In order for the different components to interoperate, thousands of electrical connections are needed to route signals between the components. Typically, the signal routes are implemented in metal layers above the chip substrate. A particular signal route often requires one or more repeaters to assure proper signal propagation. For example, the signal route may have an RC delay due to electrical resistance of the metal used for the signal path and capacitive coupling between the metal and other electrical connections. Electrically connecting a repeater to a signal path can reduce or eliminate the RC delay. A repeater may also improve other signal propagation characteristics such as signal shape. Since the repeaters are not at the metal layers used for the signal paths, the signal path is typically routed down to the input and output of a repeater. Unfortunately, determining which repeater to use for each signal route is complex and time consuming. Moreover, the process of routing the signal path to the assigned repeater significantly complicates the overall routing of signal paths.

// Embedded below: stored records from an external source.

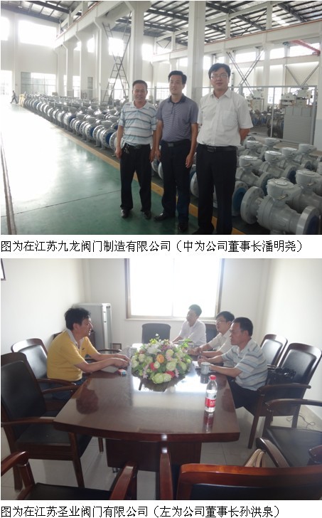 8月22日,江蘇閥協(xié)一行走訪了江蘇圣業(yè)閥門有限公司(鹽城市高中壓閥門有限公司),公司董事長孫洪泉接待,并參觀了該公司生產(chǎn)現(xiàn)場,該公司主要生產(chǎn)各類高中壓閥門,產(chǎn)品全部出口,年產(chǎn)值2億元左右;下午走訪了鹽城市圣泰閥門有限公司,受到公司常務(wù)副總史中樓的接待,并參觀該公司,年產(chǎn)值約2億元左右,閥門產(chǎn)品全部外銷;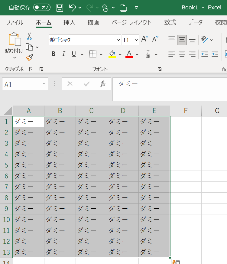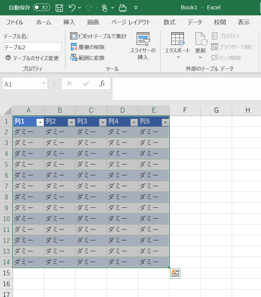 次のやり方はデータを「テーブル」形式にするやりかたです。これが一番簡単です。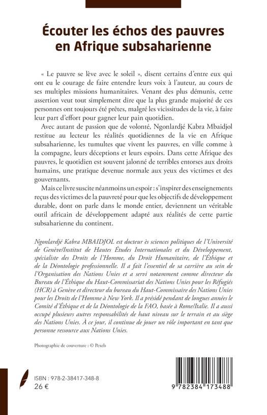 « Le pauvre se lève avec le soleil », disent certains d'entre eux qui ont eu le courage de faire entendre leurs voix à l'auteur, au cours de ses multiples missions humanitaires. Venant des plus démunis, cette assertion veut tout simplement dire que la plus grande majorité de ces personnes ont toujours été prêtes, malgré les vicissitudes de la vie, à faire leur part d'effort pour gagner leur pain quotidien. Avec autant de passion que de volonté, Ngonlardjé Kabra Mbaidjol restitue au lecteur les réalités quotidiennes de la vie en Afrique subsaharienne, les tumultes que vivent les pauvres, en ville comme à la compagne, leurs déceptions et leurs espoirs. Dans cette Afrique des pauvres, le quotidien est souvent jalonné de terribles entorses aux droits humains, une pratique devenue normale aux yeux des victimes et des gouvernants. Mais ce livre suscite néanmoins un espoir : s'inspirer des enseignements reçus des victimes de la pauvreté pour que les objectifs de développement durable, dont on parle dans le monde entier, deviennent un véritable outil africain de développement adapté aux réalités de cette partie subsaharienne du continent.

Typically, the process of assigning repeaters to signal paths and routing the signal paths is iterative. For example, during a floor planning stage, a portion of the channels is reserved for repeaters. This is followed by a first pass at determining signal routes in the metal layers for the needed electrical connections, which generates a “netlist” of electrical connections. Then, an attempt is made to assign repeaters to whatever signal routes need them. However, typically this attempt fails to assign a repeater to each signal route that needs one or more repeaters. Moreover, many of the repeater assignments are poorly optimized in that a significant detour must be made from the signal path to route it to the repeater. In some cases, the locations in the floor plan that are reserved for the repeaters are modified and the process is repeated. The new locations for the repeaters may be based, at least in part, on an analysis of the timing of the signal routes, factoring in the detours to get to the repeaters.
As integrated circuits become more complex and compact, the challenge of routing the signal paths and assigning repeaters becomes more difficult. Further, as integrated circuits become more complex, the channel size becomes smaller. Thus, finding suitable repeaters locations is becoming more difficult.

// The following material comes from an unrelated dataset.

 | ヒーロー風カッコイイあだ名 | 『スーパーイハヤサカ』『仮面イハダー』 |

Another problem with these techniques for routing signal paths is the unpredictability of the correlation between the original routing solution and the final routing solution after the iterations have converged to a final routing solution. Because designers rely on the original routing solution to perform early full chip timing analysis, if the final routing solution does not correlate well with the original routing solution then the early timing analysis will not be valid.
Because of these and potentially other drawbacks, this approach does not provide wholly satisfactory results. Consequently, an improved method and system for routing signal paths and assigning repeaters to signal paths during an integrated circuit design process is desired.